Le B3 ne contient que les peines de prison ferme supérieures à deux ans sans sursis, et les interdictions dont vous faites l'objet (article 777 du CPP).
C'est ce bulletin que vous demandera un éventuel employeur, mais c'est à vous de le commander. Cette demande peut être faite sur internet, ou par courrier, mais uniquement par l'intéressé lui-même.
Sinon, c'est un délit puni de 7500 euros d'amende (art. 781 du CPP).
Ces dispositions étant rappelées, si Francis Delattre s'est effectivement procuré un extrait de casier judiciaire de M. Soumaré, il a commis un délit.
Soit de délivrance indue de casier judiciaire (781 du cpp), soit, si une personne y ayant accès le lui a remis, un recel de vol ou de violation du secret professionnel.
Une autre hypothèse est possible puisqu'il existe un autre moyen d'avoir accès aux condamnations pénales, tout à fait légal celui-ci.
En effet, les jugements pénaux sont publics, et délivrés gratuitement à qui en fait la demande : (art. R. 156 du CPP). C'est une application du principe de publicité des débats.
En théorie, Francis Delattre a donc pu de demander au greffe de la juridiction ayant prononcé le jugement une copie de ce jugement en précisant le nom du prévenu et la date du jugement.
Reste à savoir de quelle manière il a eu accès à ces informations.
2. Quid de la qualification de « délinquant multi-récidiviste » appliquée à M. Soumaré ?
La récidive suppose la réitération d'une même infraction ou d'une infraction que la loi assimile à la première (par exemple, le vol, l'extorsion, le chantage, l'escroquerie et l'abus de confiance sont ainsi considérées comme étant une seule et même infraction au regard de la récidive, art. 132-16 du code pénal).
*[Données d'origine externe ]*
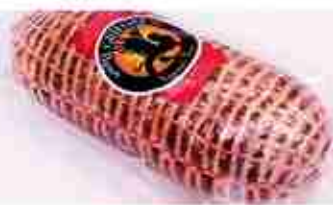
PROSCIUTTO DI AGNELLO C +0/4°C, 1,2 Kg c.ca
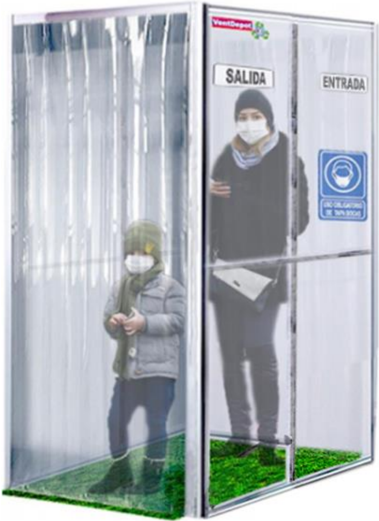
Galería del Túnel de Desinfectante Sonic Safe.
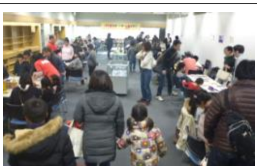
【(中央図書館) 図書館でボードゲームをする日】

府立図書館は、府民に開かれた図書館として、地域の魅力に出会う「場」と機会を提供します。
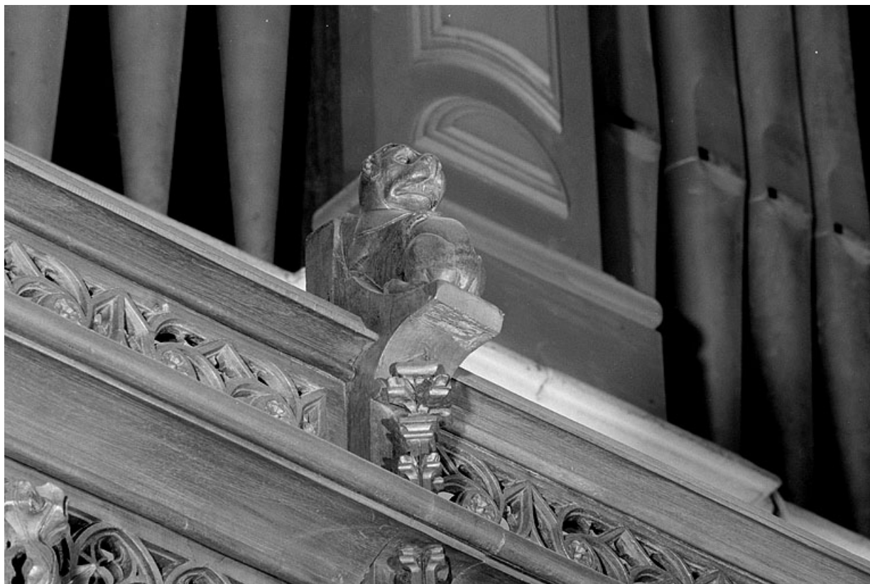
Vue de la dix-septième statuette : lion.
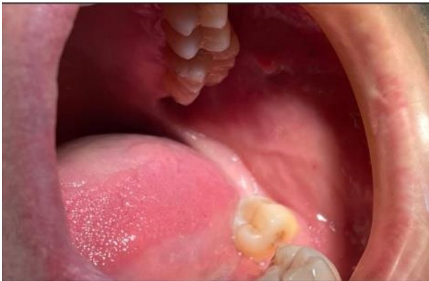
Figure 8. Fotografia da mucosa jugal esquerda.

Apresenta múltiplas restaurações: no primeiro quadrante: 13, 14, 15 e 16; no segundo quadrante: 23, 24, 25 e 26; no terceiro quadrante: 31, 32, 34e 35; no quarto quadrante: 41, 44, 45 e 46. Observam-se lesões cervicais não cariosas devidas a traumatismo oclusal nos dentes: 13, 14 23, 24, 25, 44 e 45 (Figura 5 e 6).
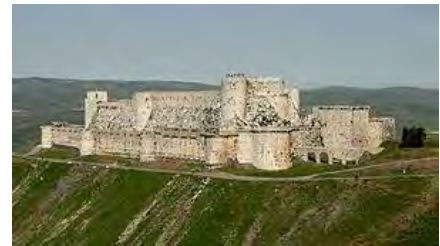
Afbeelding 5: Krak des Chevaliers (Syrië) is kasteel gesitueerd op een richel van een berg en is daarnaast een concentrisch kasteel.

De Tempeliers hadden een eigen 'leger' metselaars die voor hen kastelen maakten, wat te zien is aan patronen in het metselen. 73 De kruisvaarders gebruikten voor hun kastelen nieuwe technieken (zie afbeelding 4), namelijk de ronde toren. In de kruisvaardersstaten zijn er vier type kastelen te onderscheiden. Allereerst was er de 'vrijstaande toren' waarvan er in het koninkrijk Jeruzalem alleen al minstens 75 waren. 74 Deze kwamen in dichtbevolkte gebieden voor. In de dichtbevolkte gebieden waren er naast de torens er de castra te vinden. Dit waren eenvoudige, vaak vierkante, kastelen met torens op de hoeken. Deze werden in loop van de tijd verbeterd door een tweede muur erom heen te zetten. In minder bevolkte gebieden maakten de kruisvaarders kastelen op heuvels en/of bottlenecks. Deze kastelen waren vaak concentrisch en konden goed worden verdedigd door hun positie. Een goed voorbeeld van een dergelijk kasteel is Krak des Chevaliers (zie afbeelding). Ten slotte was er nog het typisch Europese kasteel, het mottekasteel, te vinden. Dit kasteel werd gemaakt van hout en aarde, maar daarvan is er tot op heden slechts één van gevonden. 75
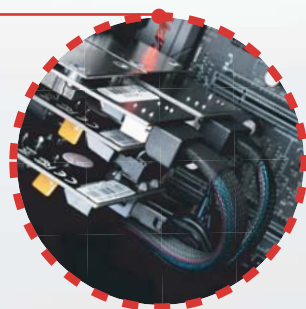
Interne Kabel von Mini-SAS-Adapter und Netzteil anschließen

La multi-récidive suppose donc à tout le moins deux condamnations en récidive.
En l'espèce, il est fait état de 2 condamnations pour des mêmes faits (vol avec violence).
Donc au pire, M. Soumaré serait récidiviste, mais en aucun cas multi-récidiviste.
La question se pose même de savoir s'il y a récidive simple ?
S'agissant d'un délit puni de cinq ans de prison (vol aggravé par une circonstance), nous sommes dans le cas de la récidive spéciale et temporaire (art. 132-10 du Code pénal).
Il faut pour qu'il y ait récidive que moins de cinq ans séparent la commission des nouveaux faits et l'expiration de la première peine.
Or ici, les informations relayées par la presse indiquent que les faits pour lesquels M. Soumaré a été condamné en 2007 ont été commis en 2004, alors que la première condamnation datait de 1999.
Aucune information n'est communiquée sur la date des premiers faits.
On est donc à la limite de la récidive.
Il semble également utile de préciser que la peine prononcée en 2007 (prison avec sursis et assorti de l'obligation d'accomplir un travail d'intérêt général, 80 H en l'espèce) semble particulièrement clémente si le tribunal a eu à juger une affaire de vol avec violences en récidive.
Ali Soumaré est donc probablement un délinquant simple, comme plusieurs autres hommes politiques.
Seule une peine d'inéligibilité lui interdirait de se présenter aux scrutins.